Docker is a technology stack for running things in virtualized environments. In Keboola, we use a limited set of Docker features. Their description follows. For a full technical description of Docker, consult its official documentation.
At first sight, Docker is similar to other virtualization technologies (such as VMware or VirtualBox). However, there are some fundamental differences, the main one being that Docker runs only virtualized applications, not the entire OS.
Docker has Docker Images and Docker Containers. To create a Docker image, create a Dockerfile. Dockerfiles contain instructions on how the Docker image should be built, and this represents the environment (OS + modifications) in which an application runs.
A Docker image contains everything required to run an application. It usually has an entrypoint, which is a single command executed when the image is run.
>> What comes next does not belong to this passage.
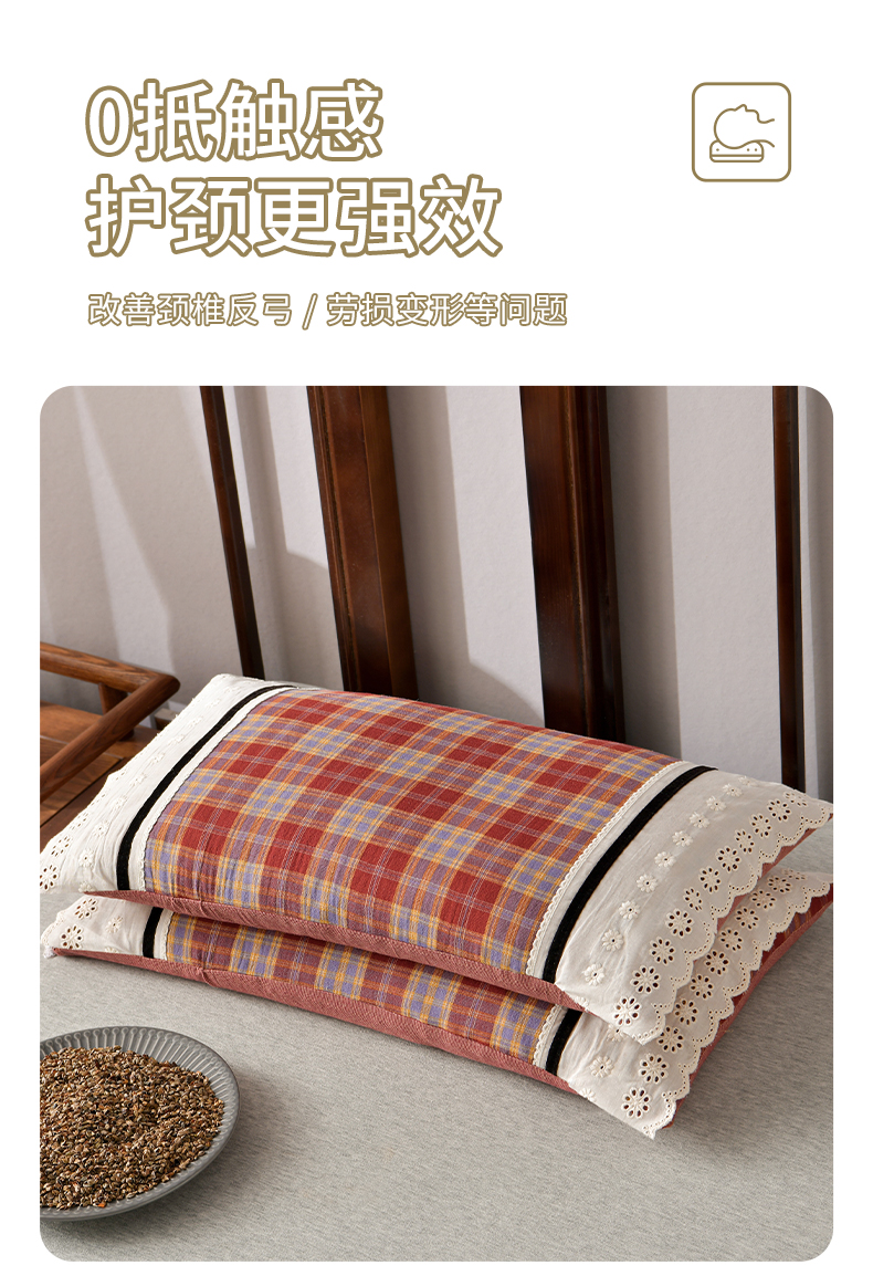 商品名称:小桃姐家纺 2025新款花边全棉纯棉双层纱荞麦枕枕芯枕头 红小格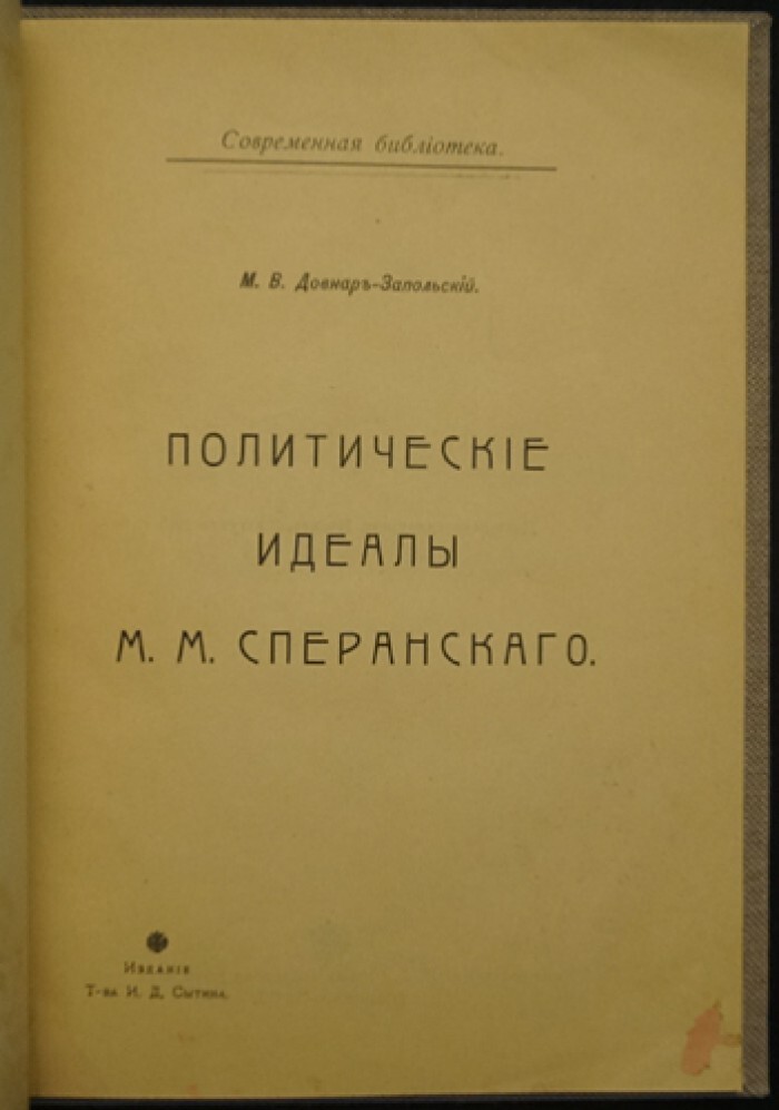 Довнар-Запольский М.В. Политические идеалы М.М.Сперанского

When you run an image (start an application in it), a Docker container is created. The container is a sandbox isolated from the image itself and cannot make permanent changes to it. Maybe somewhat surprising, this is very important. When you run the image again (and create a new container), it won’t be affected in any way by the previous container. The Docker image is therefore stateless and acts as a template. The state is stored only in the container.
Docker Images are created by executing the instructions written in a Dockerfile. It is a simple text file consisting mostly of shell commands which must be executed to prepare the application for running. Docker images can be based on other images. So if you need minor modification to a system, you do not have to build the whole thing from scratch. If you want Images to be reused, push your Dockerfile to a Docker registry. The registries (Dockerhub, Quay) will build the image; anyone interested in using it can download it. AWS ECR is a private repository and has no build triggers. You need to push the images manually or using a deploy script in your CI pipeline.
Docker image names are based on the following scheme: registry-name/account-name/image-name:tag
where registry-name
and account-name can sometimes be omitted. For example, you can refer to a Docker hello-world image as: hello-world
or as docker.io/library/hello-world:latest
where the docker.io
refers to the Docker Hub registry,
the library
refers to account (common library is default), hello-world
refers to the image name,
and latest
refers to the tag.
Image tags work similarly to Git tags as they refer to a specific build of the image. However, Docker tags can be moved easily, so they do not always need to refer to the same build. The general convention is that the latest tag points to the same (latest) build and is movable.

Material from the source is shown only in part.